In an interview with Entertainment Weekly published Tuesday, the “Old Town Road” rapper opened up about his prior concerns with “alienating” his straight fans before he released his No. 1 single “Montero (Call Me By Your Name)” earlier this year.

“At first I was really afraid of alienating any of my straight fans,” he said. “But then it was kind of like, if they feel offended, they were never really here for me. They were here for whatever version of myself they made up in their head.”

The only version of himself that the 21-year-old is striving toward today is simply an authentic one that doesn’t necessarily have to please everyone, but one that must primarily fulfill him.

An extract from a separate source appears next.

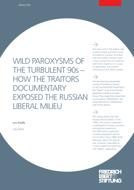 "The story which The Traitors tells is pretty simple and well known to academic scholars who deal with the modern Russian state: it was corrupt from its inception and Putin’s regime is in no way an aberration, but smooth continuity of the Yeltsin system. The documentary precipitated a wave of slanderous assaults on ACF and Pevtchikh herself from the “liberal” wing of the Russian opposition outside and inside Russia. They range from obscenities to accusations of Bolshevism, left-wing extremism to collaboration with Putin’s regime. The Traitors broke the main Russian political taboo. In the 1990s, the country underwent a catastrophe of social, economic and political proportions. The 2002 census registered a natural population decline of 1.8 million since 1989. Public discussion about this period was, however, impossible as it could undermine both Putin and “liberal” opposition." (Page 1)
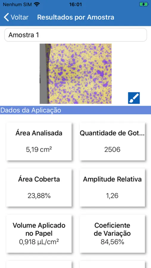 O aplicativo gerencia análises de pulverização e captura imagens de papéis hidrossensíveis através do hardware para medição e contagem de gotas.

“Looking back on history, the biggest icons, the biggest artists, are the ones who aren’t trying to always make everybody happy and who were doing themselves. I hope to do that at all times,” he said. “At the end of the day, you are the main person that has to depend on you before anybody else. You have to love and nourish yourself.”

 

For the fans, parents, or conservative listeners who do continue to criticize the rapper and his work, he reassured the publication that he is okay with that because it means he is the topic of discussion, which only brings more attention to his platform.

“But now it’s like, okay, cool. For me, I would rather somebody hate the s— out of me when they’re talking about me rather than not say anything at all, because that’s giving more power to my name,” he said.

Lil Nas X’s main concern, at this point, is using his platform to expand inclusive representation and acceptance in the world, along with “open doors for many other queer people to simply exist,” as he explained in a letter to his followers on Instagram the day his latest single dropped.

He believes that by actively showing “the world more of yourself,” more spaces can be created for queer folks alike to “relate more.”